Excerpted records START
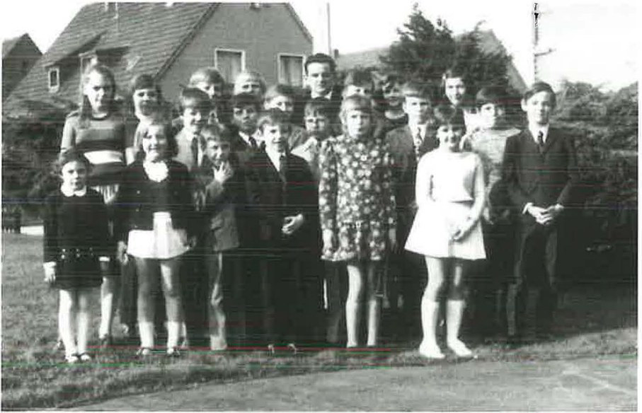
Die Sonntagschüler des Jahres 1972 mit ihrem Lehrer, Priester Wien
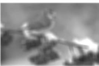
Kataraktos paveiktas regėjimas

gydymo būdas – chirurginė akies lęšiuko pakeitimo operacija. Daugeliu atvejų kataraktos operacijos atliekamos netaikant bendrosios anestezijos, o vietiškai, vaistų pagalba nujautrinant akį. Todėl operacijos metu žmogus išlieka sąmoningas, tačiau visiškai nejaučia skausmo. Anksčiau atliekant tokią operaciją tekdavo akyje padaryti gana didelį pjūvį, kurį susiuvus, ragenos randas gydavo apie pusę metų.
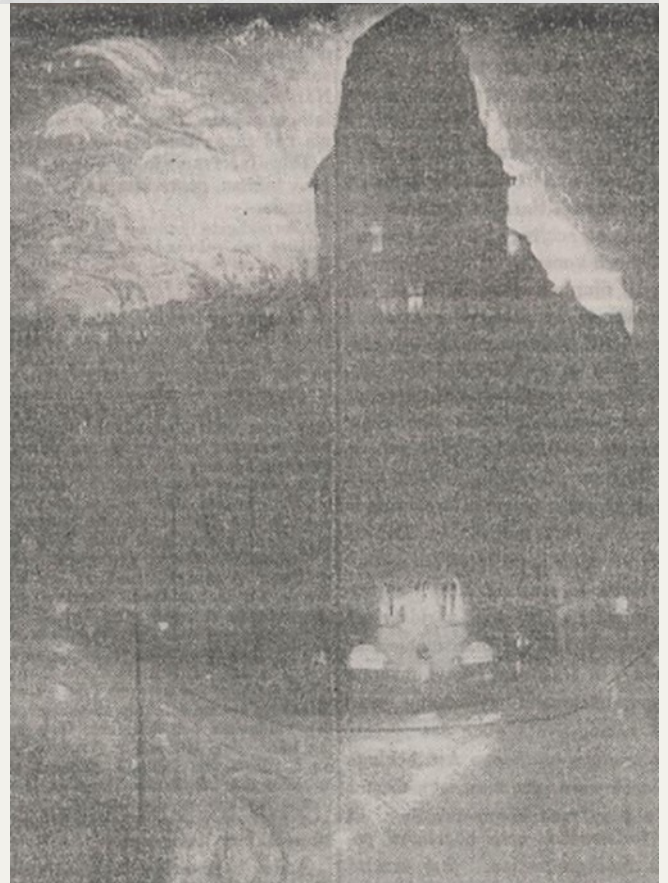
Tornet omvärt av lågor.

Efter det ångsprutan anlönt, voro nio slangledningarna utlagda. Trots de stora vattenmassorna, som slungades in över den stora eldhärden, vann elden oupphörligt terräng, och en kvarts timma efter brandkårens ankomst hade lågorna spritt sig över bägge flyglarnas vindsvåningar.
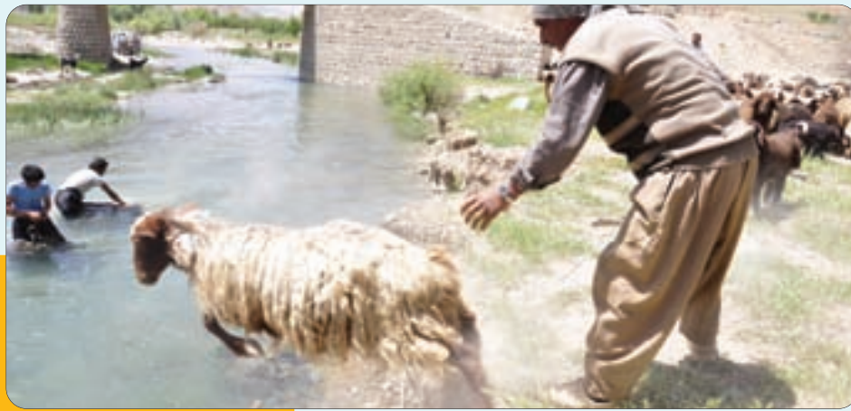
استحمام گوسفندان در روستاهای نزدیک به سمیرم
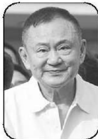
ทักษิณ ชินวัตร

นอกจากนี้ยังมีกรณีขึ้น 14 โรงพยาบาลตำรวจ ซึ่งอยู่ระหว่างการตรวจสอบของคณะกรรมการป้องกันและ
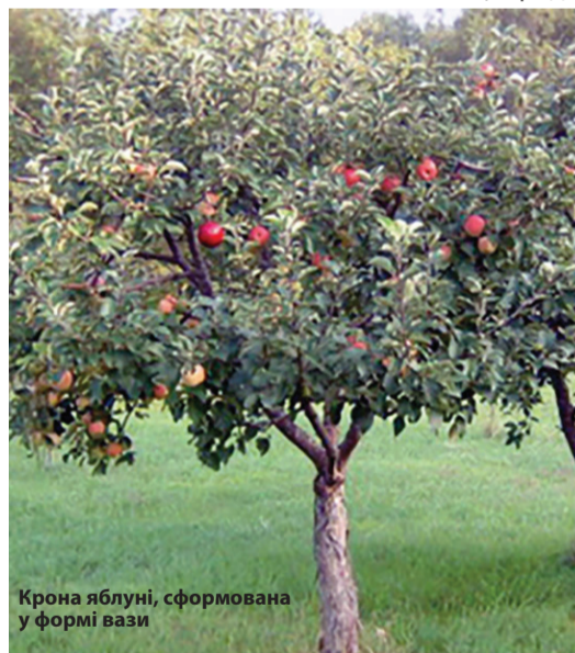
Крона яблуні, сформована у формі вази

Не варто так само проводити обрізання у вологу погоду, після дощу і рано вранці після випадання роси, так як це теж сприятиме рознесенню хвороб і інфікування рослин. Якщо ви обрізаєте рослини і помітили ознаки, якого-не-
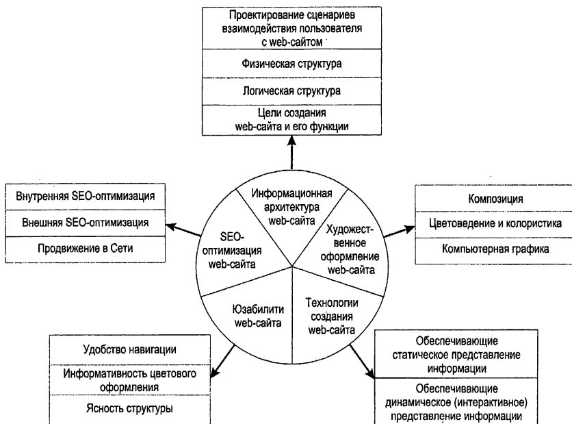
Рис. 1. Структура современного web-дизайна

Важное значение для удобства пользования сайтом потенциальными клиентами имеет юзабилити web-сайта. К оцениваемым качествам относятся время загрузки страниц, пути, по которым пользователи находят нужную информацию, оптимальность структуры ресурса, удобство оформления, навигации и др.
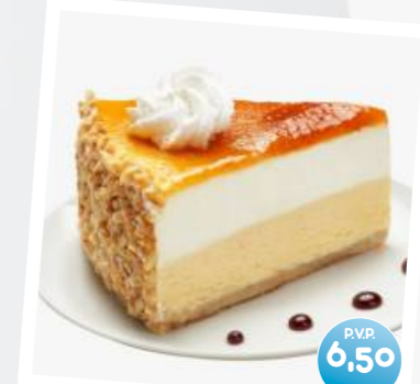
Tarta al Whisky
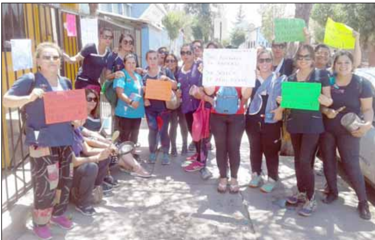
Las educadoras de párvulos del jardín infantil 'El Rincón de los Angelitos' realizaron una protesta ayer frente a las oficinas de la DAEM.

- Nosotros como jardín somos cerca de 23 funcionarias que estamos lamentablemente sin plata ni aguinaldo, que tuvimos que endeudarnos con nuestras tarjetas de crédito para po-
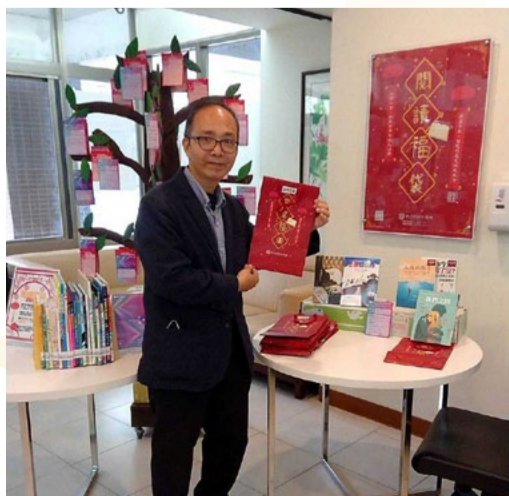
國立臺灣戲曲學院校長推廣 openbook 好書
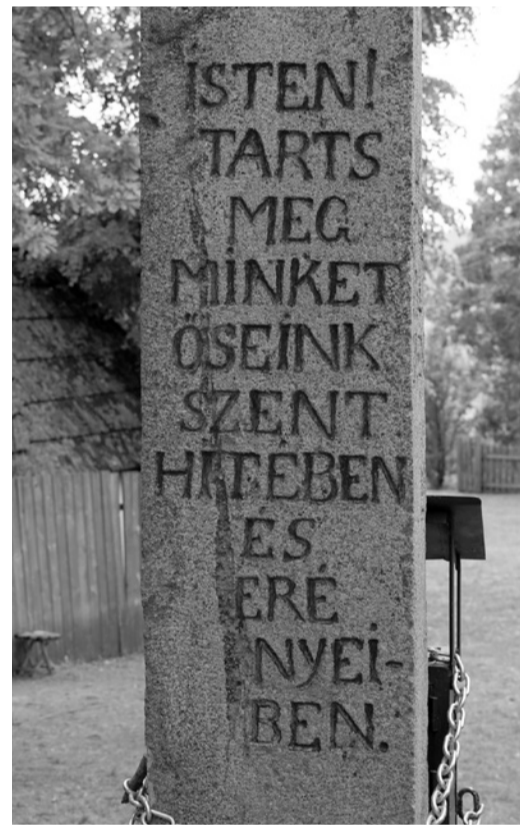
A Salvator-kápolna előtti kereszt felirata

Zarándokutunk utolsó állomása Alsó-csernáton volt, ahol a falu egyik szép udvarházában működik a Haszmann Pál Néprajzi Múzeum, Erdély egyik leggazdagabb, legszebb magyar népművészeti gyűjteménye. A múzeumi anyag Felső-Háromszék népművészetének legértékesebb darabjait mutatja be. A két éve elhunyt múzeumalapító, Haszmann Pál valóban egy nemzetben gondolkodó és az egész magyarság sorsát szívében viselő nagyszerű néprajztudós volt,
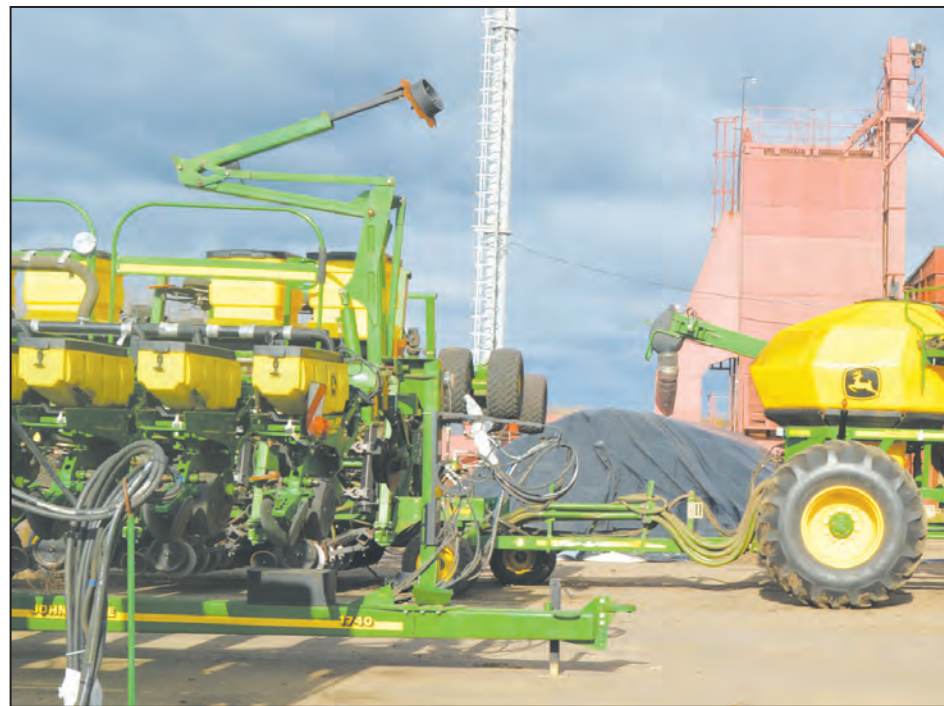
Новая техника готова к работе
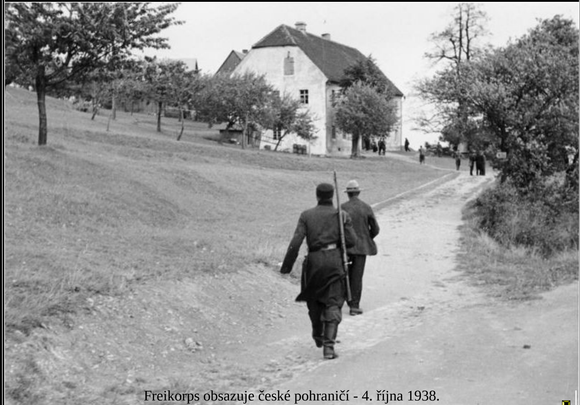
Freikorps obsazuje české pohraničí - 4. října 1938.
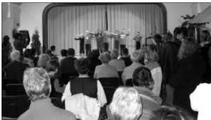
A táncosok mindenkit elkápráztattak
Excerpted records END
Work required => Retype the entire listing exactly as it appears, dropping only the pictures.

Task answer =>
Die Sonntagschüler des Jahres 1972 mit ihrem Lehrer, Priester Wien
Kataraktos paveiktas regėjimas

gydymo būdas – chirurginė akies lęšiuko pakeitimo operacija. Daugeliu atvejų kataraktos operacijos atliekamos netaikant bendrosios anestezijos, o vietiškai, vaistų pagalba nujautrinant akį. Todėl operacijos metu žmogus išlieka sąmoningas, tačiau visiškai nejaučia skausmo. Anksčiau atliekant tokią operaciją tekdavo akyje padaryti gana didelį pjūvį, kurį susiuvus, ragenos randas gydavo apie pusę metų.
Tornet omvärt av lågor.

Efter det ångsprutan anlönt, voro nio slangledningarna utlagda. Trots de stora vattenmassorna, som slungades in över den stora eldhärden, vann elden oupphörligt terräng, och en kvarts timma efter brandkårens ankomst hade lågorna spritt sig över bägge flyglarnas vindsvåningar.
استحمام گوسفندان در روستاهای نزدیک به سمیرم
ทักษิณ ชินวัตร

นอกจากนี้ยังมีกรณีขึ้น 14 โรงพยาบาลตำรวจ ซึ่งอยู่ระหว่างการตรวจสอบของคณะกรรมการป้องกันและ
Крона яблуні, сформована у формі вази

Не варто так само проводити обрізання у вологу погоду, після дощу і рано вранці після випадання роси, так як це теж сприятиме рознесенню хвороб і інфікування рослин. Якщо ви обрізаєте рослини і помітили ознаки, якого-не-
Рис. 1. Структура современного web-дизайна

Важное значение для удобства пользования сайтом потенциальными клиентами имеет юзабилити web-сайта. К оцениваемым качествам относятся время загрузки страниц, пути, по которым пользователи находят нужную информацию, оптимальность структуры ресурса, удобство оформления, навигации и др.
Tarta al Whisky
Las educadoras de párvulos del jardín infantil 'El Rincón de los Angelitos' realizaron una protesta ayer frente a las oficinas de la DAEM.

- Nosotros como jardín somos cerca de 23 funcionarias que estamos lamentablemente sin plata ni aguinaldo, que tuvimos que endeudarnos con nuestras tarjetas de crédito para po-
國立臺灣戲曲學院校長推廣 openbook 好書
A Salvator-kápolna előtti kereszt felirata

Zarándokutunk utolsó állomása Alsó-csernáton volt, ahol a falu egyik szép udvarházában működik a Haszmann Pál Néprajzi Múzeum, Erdély egyik leggazdagabb, legszebb magyar népművészeti gyűjteménye. A múzeumi anyag Felső-Háromszék népművészetének legértékesebb darabjait mutatja be. A két éve elhunyt múzeumalapító, Haszmann Pál valóban egy nemzetben gondolkodó és az egész magyarság sorsát szívében viselő nagyszerű néprajztudós volt,
Новая техника готова к работе
Freikorps obsazuje české pohraničí - 4. října 1938.
A táncosok mindenkit elkápráztattak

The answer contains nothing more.